What is needed
Leaving the pictures out, print the lines from the first line of the listing through the line containing "你想穿越回古埃及,沉浸式体验", exactly as they read, and no others.

Collected data
────
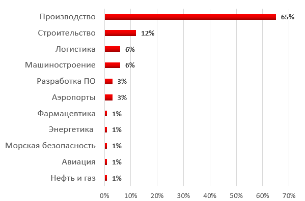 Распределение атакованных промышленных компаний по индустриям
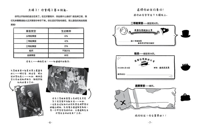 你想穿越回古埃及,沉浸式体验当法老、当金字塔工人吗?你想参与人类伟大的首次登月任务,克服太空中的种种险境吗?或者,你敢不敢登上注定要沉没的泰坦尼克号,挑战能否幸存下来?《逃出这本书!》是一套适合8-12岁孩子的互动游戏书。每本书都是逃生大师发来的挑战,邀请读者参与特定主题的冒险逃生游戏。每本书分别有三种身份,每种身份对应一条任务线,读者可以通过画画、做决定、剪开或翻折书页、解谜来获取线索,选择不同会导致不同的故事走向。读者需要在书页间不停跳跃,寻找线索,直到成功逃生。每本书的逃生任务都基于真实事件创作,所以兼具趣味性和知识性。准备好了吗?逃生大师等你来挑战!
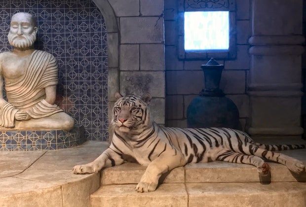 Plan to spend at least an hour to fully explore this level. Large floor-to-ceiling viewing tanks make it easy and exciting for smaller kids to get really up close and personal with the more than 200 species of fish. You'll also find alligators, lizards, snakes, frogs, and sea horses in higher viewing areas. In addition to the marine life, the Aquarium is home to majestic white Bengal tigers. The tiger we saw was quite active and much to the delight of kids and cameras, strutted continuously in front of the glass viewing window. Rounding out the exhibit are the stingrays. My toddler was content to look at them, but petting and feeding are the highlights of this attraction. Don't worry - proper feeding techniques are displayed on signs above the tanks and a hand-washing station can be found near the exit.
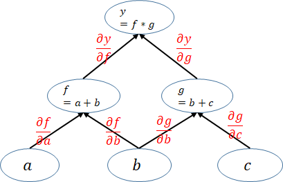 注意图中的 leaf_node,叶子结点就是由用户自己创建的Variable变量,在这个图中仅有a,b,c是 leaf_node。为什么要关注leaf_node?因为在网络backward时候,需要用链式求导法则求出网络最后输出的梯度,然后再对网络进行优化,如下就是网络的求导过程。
────
Task output
 Распределение атакованных промышленных компаний по индустриям
 你想穿越回古埃及,沉浸式体验当法老、当金字塔工人吗?你想参与人类伟大的首次登月任务,克服太空中的种种险境吗?或者,你敢不敢登上注定要沉没的泰坦尼克号,挑战能否幸存下来?《逃出这本书!》是一套适合8-12岁孩子的互动游戏书。每本书都是逃生大师发来的挑战,邀请读者参与特定主题的冒险逃生游戏。每本书分别有三种身份,每种身份对应一条任务线,读者可以通过画画、做决定、剪开或翻折书页、解谜来获取线索,选择不同会导致不同的故事走向。读者需要在书页间不停跳跃,寻找线索,直到成功逃生。每本书的逃生任务都基于真实事件创作,所以兼具趣味性和知识性。准备好了吗?逃生大师等你来挑战!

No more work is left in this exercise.